Sequence analysis of the full length human Fas cDNA has revealed that the human Fas molecule has 335 amino acids, with a calculated molecular weight of 37,729 daltons (Itoh et al., 1991; Oehm et al., 1992; Itoh and Nagata, 1993). Structural homology places Fas in the superfamily including tumor necrosis factor (TNF).sup.3 receptors, nerve growth factor (NGF) receptor and CD40 (Watanabe-Fukunaga et al., 1992; Itoh et al., 1991; Oehm et al., 1992; Mallett and Barclay, 1991).
Fas gene has been mapped to the long arm of chromosome 10 in human (Inazawa et al., 1992; Lichter et al., 1992) and the conserved syntatic segment of chromosome 19 in mouse (Watanabe-Fukunaga et al., 1992).

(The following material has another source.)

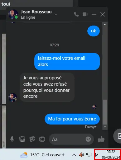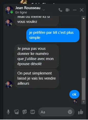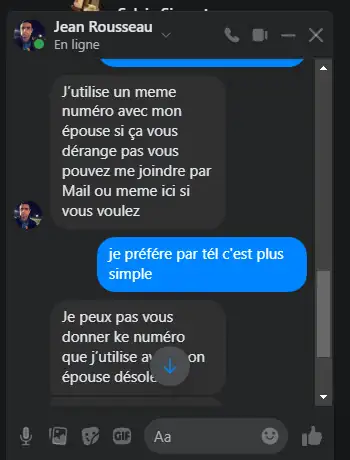 Je peux pas vous donner ke numéro que j’utilise avec mon épouse désolé On peut simplement laissé je vais les vendre ailleurs | Le 06/09/2024 à 07.32 H | laissez-moi votre email alors Je vous ai proposé cela vous avez refusé pourquoi vous donner encore Ma foi pour vous écrire | Vous n’êtes pas déjà entrain de le faire là ? |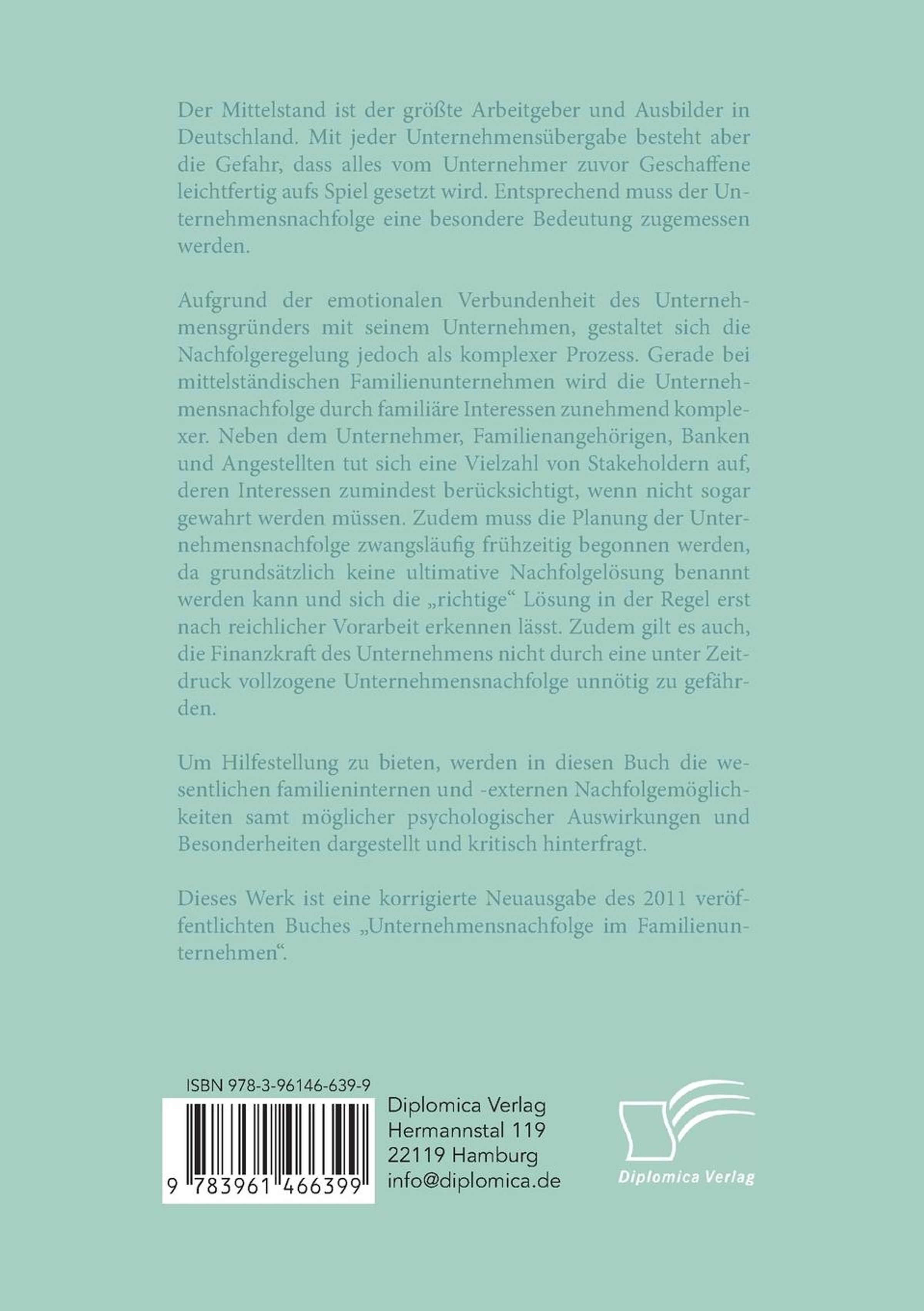 Der Mittelstand ist der größte Arbeitgeber und Ausbilder in Deutschland. Mit jeder Unternehmensübergabe besteht aber die Gefahr, dass alles vom Unternehmer zuvor Geschaffene leichtfertig aufs Spiel gesetzt wird. Entsprechend muss der Unternehmensnachfolge eine besondere Bedeutung zugemessen werden. Aufgrund der emotionalen Verbundenheit des Unternehmensgründers mit seinem Unternehmen, gestaltet sich die Nachfolgeregelung jedoch als komplexer Prozess. Gerade bei mittelständischen Familienunternehmen wird die Unternehmensnachfolge durch familiäre Interessen zunehmend komplexer. Neben dem Unternehmer, Familienangehörigen, Banken und Angestellten tut sich eine Vielzahl von Stakeholdern auf, deren Interessen zumindest berücksichtigt, wenn nicht sogar gewahrt werden müssen. Zudem muss die Planung der Unternehmensnachfolge zwangsläufig frühzeitig begonnen werden, da grundsätzlich keine ultimative Nachfolgelösung benannt werden kann und sich die richtige Lösung in der Regel erst nach reichlicher Vorarbeit erkennen lässt. Zudem gilt es auch, die Finanzkraft des Unternehmens nicht durch eine unter Zeitdruck vollzogene Unternehmensnachfolge unnötig zu gefährden. Um Hilfestellung zu bieten, werden in diesen Buch die wesentlichen familieninternen und -externen Nachfolgemöglichkeiten samt möglicher psychologischer Auswirkungen und Besonderheiten dargestellt und kritisch hinterfragt. Dieses Werk ist eine korrigierte Neuausgabe des 2011 veröffentlichten Buches Unternehmensnachfolge im Familienunternehmen.

However, The gene structure of either human or mouse Fas has not yet been characterized. In this study, we have isolated the human chromosomal DNA for the human Fas apoptotic molecule, determined the exon/intron organization of the gene and characterized the promoter region.
Age-related immune dysfunctions of T cells include thymic involution (Hadden et al., 1992), decreased T cell response to mitogens or antigens (Powers and Belshe, 1993; Flurkey et al., 1992; Kirschmann and Murasko, 1992; Song et al., 1993; McElhaney et al., 1992), altered cytokine expression (Ernst et al., 1993; Ershler,, 1993; al-Rayes et al., 1992; Daynes and Araneo, 1992) and altered phenotype (Okumura et al., 1993; Howard et al., 1992; Thoman et al., 1993). The decrease in spleen or LN T cell responsiveness has been related to an increase in senescent memory T cells (Okumura et al., 1993; Thoman et al., 1993), which exhibit defective phosphorylation after stimulation (Shi and Miller, 1993; Heyeck and Berg, 1993; Patel and Miller, 1992; Witkowski and Miller, 1993; Saini and Sei, 1993). Thymic involution has been proposed to be due either to defects in thymocyte precursors derived from stem cells or a defect in expression of thymic factors or growth factors required for normal T cell development (Hadden et al., 1992; Candore et al., 1992; Goso et al., 1993; Fridkis-Hareli et al., 1992; Li et al., 1992). Recent evidence indicates that depletion of thymocyte stem cells can not completely account for thymic involution with age (Mehr et al., 1993). Evidence to support an age-related deficiency of growth factors has been provided by the observation that replacement of growth factors or hormones can inhibit thymic involution or T cell dysfunction with aging (Hadden et al., 1992; Candore et al., 1992; Goso et al., 1993; Fridkis-Hareli et al., 1992; Li et al., 1992).